The protests broke out on Feb. 4 in the southwest city of San Cristóbal and spread to Caracas on Feb. 12, driven by university students who complained about crime on their campus.
The demonstrations grew as the hardline opposition began to demand an end to Maduro’s government, and marches and roadblocks often turned into violent clashes with the military and police and government supporters.
The protests, in which mainly middle-class demonstrators are backing the students, are happening against a backdrop of economic difficulties such as a nearly 60 percent annual inflation rate, scarcity of some food and other basic items, and long, exhausting queues of people waiting to buy products sold under a rationing system.
The high crime rates – more than 24,000 homicides were committed in 2013 – and the poor functioning of services like electricity, water and public hospitals, especially outside of Caracas, are also fuelling the protests.
On Thursday Apr. 10, the United Nations Office on Drugs and Crime (UNODC) said in a preliminary report that Venezuela has the second-highest murder rate in the world, with 53.7 homicides per 100,000 population.
Maduro, the governing United Socialist Party of Venezuela (PSUV) and leaders of the armed forces say they managed to block a plan backed by Washington to subvert the constitutional order and overthrow the government, with the help of the protests.
The president won the Apr. 14, 2013 elections after Hugo Chávez, who governed the country since 1999, died of cancer on Mar. 5.
Like a snowball effect, the initial reasons for the protests gave way to others, such as the demand that the deaths of people killed – mainly shot – at the roadblocks be investigated, that those responsible for human rights violations be held to account, and that the detainees be released.
The people still in jail include López and two opposition mayors, from San Cristóbal and from a city in the central state of Carabobo, who the Supreme Court removed from office in what was described by some as a summary trial.
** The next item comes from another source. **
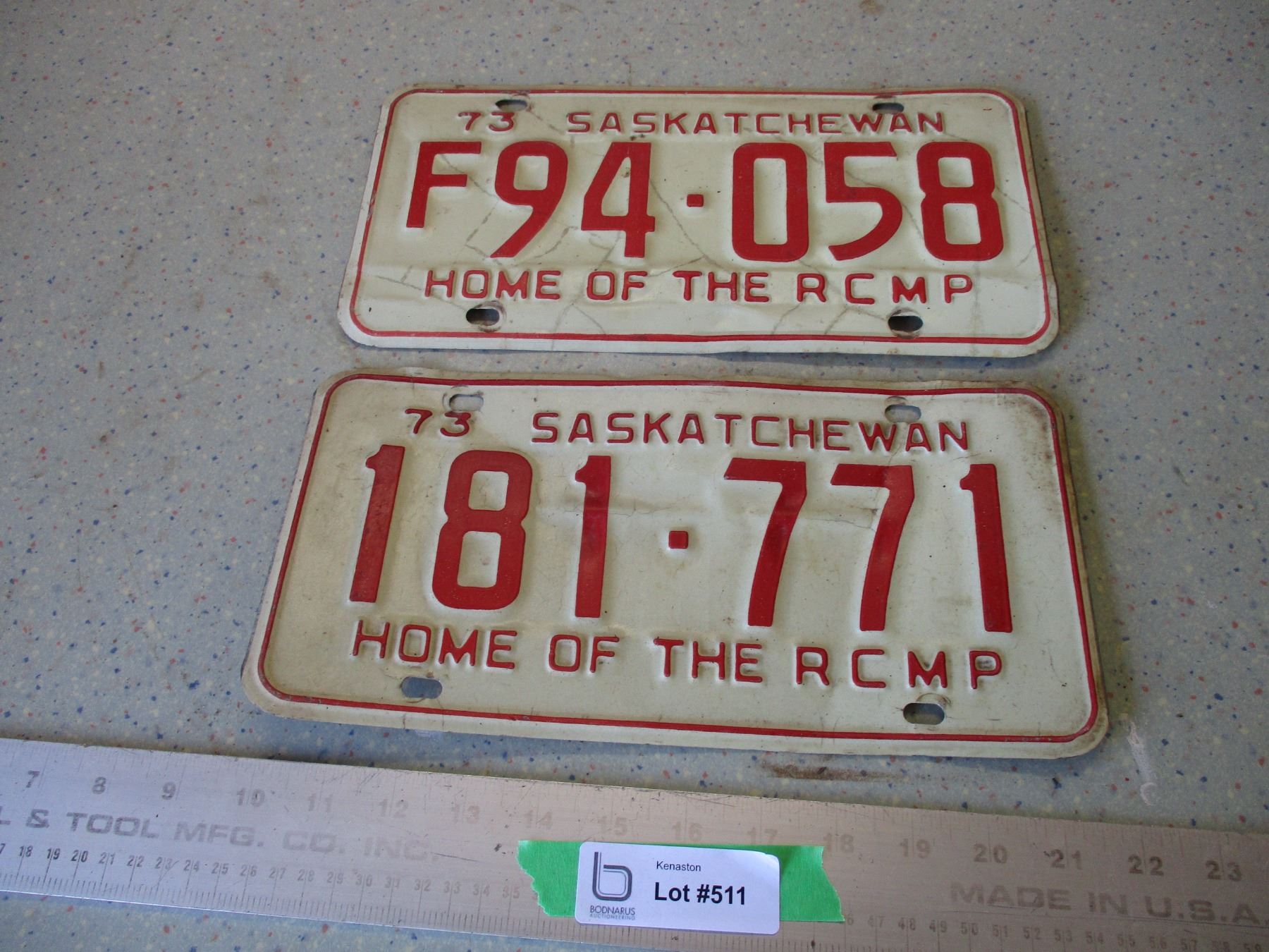 (2) 1973 Saskatchewan License Plates - Home of the RCMP

They were sentenced to a year in prison for ignoring orders to remove the roadblocks set up by protesters in their municipalities.
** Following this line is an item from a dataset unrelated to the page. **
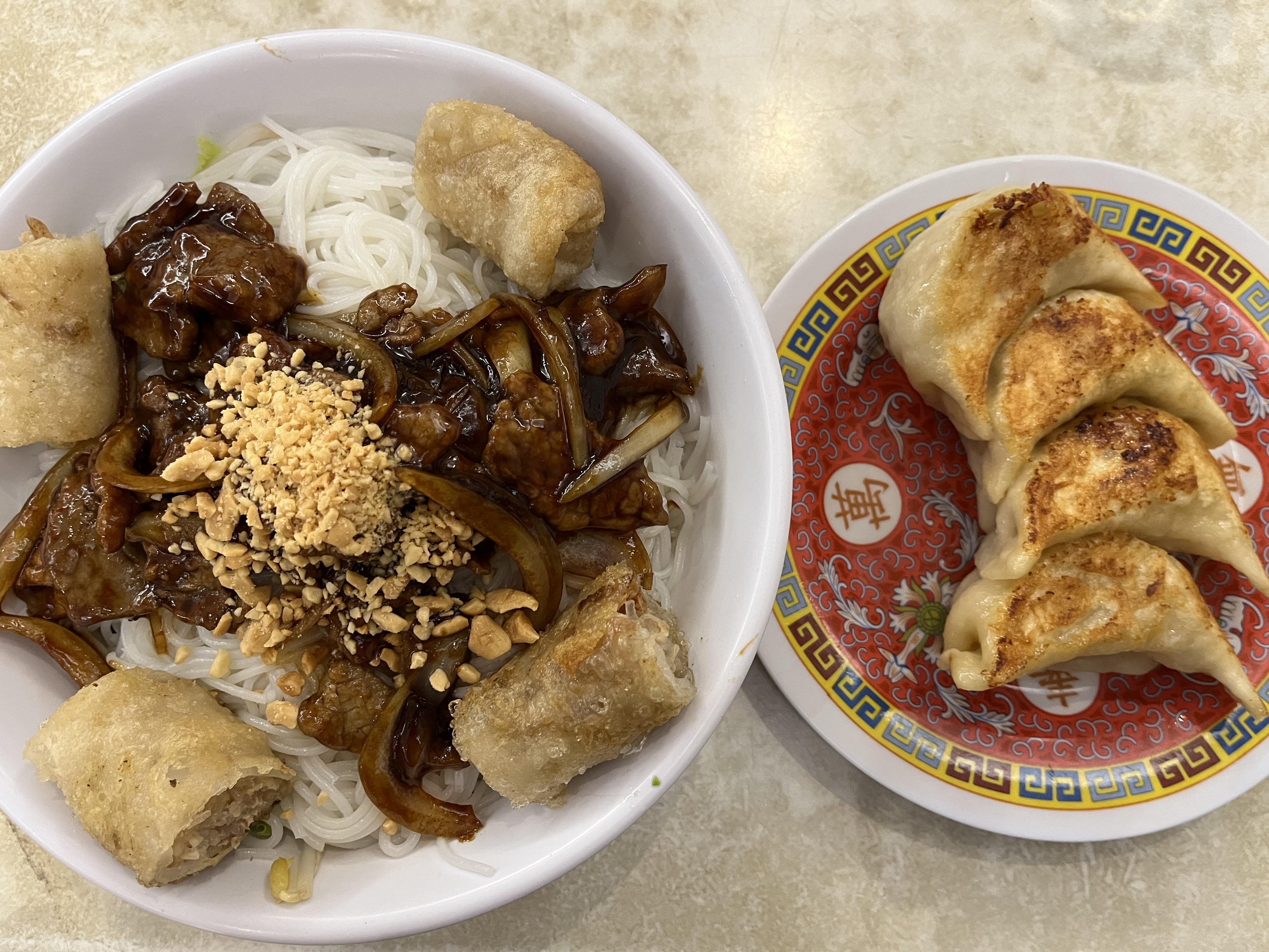 Rapport qualité/quantité/prix interresant. Vermicelles de riz sautées porc fumé et raviolis en entrée. Service rapide.

The release and restitution of the mayors was another demand set forth by the opposition in the meeting that ended in the early hours of Friday morning.
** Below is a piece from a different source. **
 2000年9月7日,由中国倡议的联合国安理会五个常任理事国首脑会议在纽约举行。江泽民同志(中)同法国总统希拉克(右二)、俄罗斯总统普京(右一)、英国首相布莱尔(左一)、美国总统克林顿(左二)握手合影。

The opposition is also demanding that armed irregular civilian groups de disarmed.
In the talks, the government and MUD leaders outlined their conflicting visions of the country, the economy and democracy, with each side sounding a litany of complaints about the conduct of the other over the past 15 years.
“The prospects for reaching an agreement on the underlying questions are still remote, because of the conflicting visions, at the end of a first meeting which seemed more like group therapy than a dialogue or negotiations,” political science professor José Vicente Carrasquero commented to IPS.
The foreign minister of Ecuador, Patiño, said that “despite the difficulties, the meeting was positive; a catharsis was necessary; they needed to meet face to face.”
MUD coordinator Ramón Aveledo, a Christian Democratic politician, proposed dates for further talks, starting with a meeting between the government and the students.
MUD called again for respect for the 1999 constitution, the separation of powers, measures against crime, and an amnesty law.
The opposition’s proposed amnesty would involve the release of those in prison for the current protests and others serving lengthy terms for involvement in the violent demonstrations that led to a short-lived coup that toppled Chávez for 48 hours. Thursday was the 12th anniversary of the coup.
Maduro designated a government commission to evaluate the issues and the next meetings. One of the members, Foreign Minister Elías Jaua, said “the president has the mandate of the people and can’t just do what MUD wants.”
The governor of the state of Miranda, Henrique Capriles, the leader of the moderate opposition who was Maduro’s rival in last year’s elections, also took part in the debate. “Things have to change, or this will burst,” he said at the end of his address in the meeting.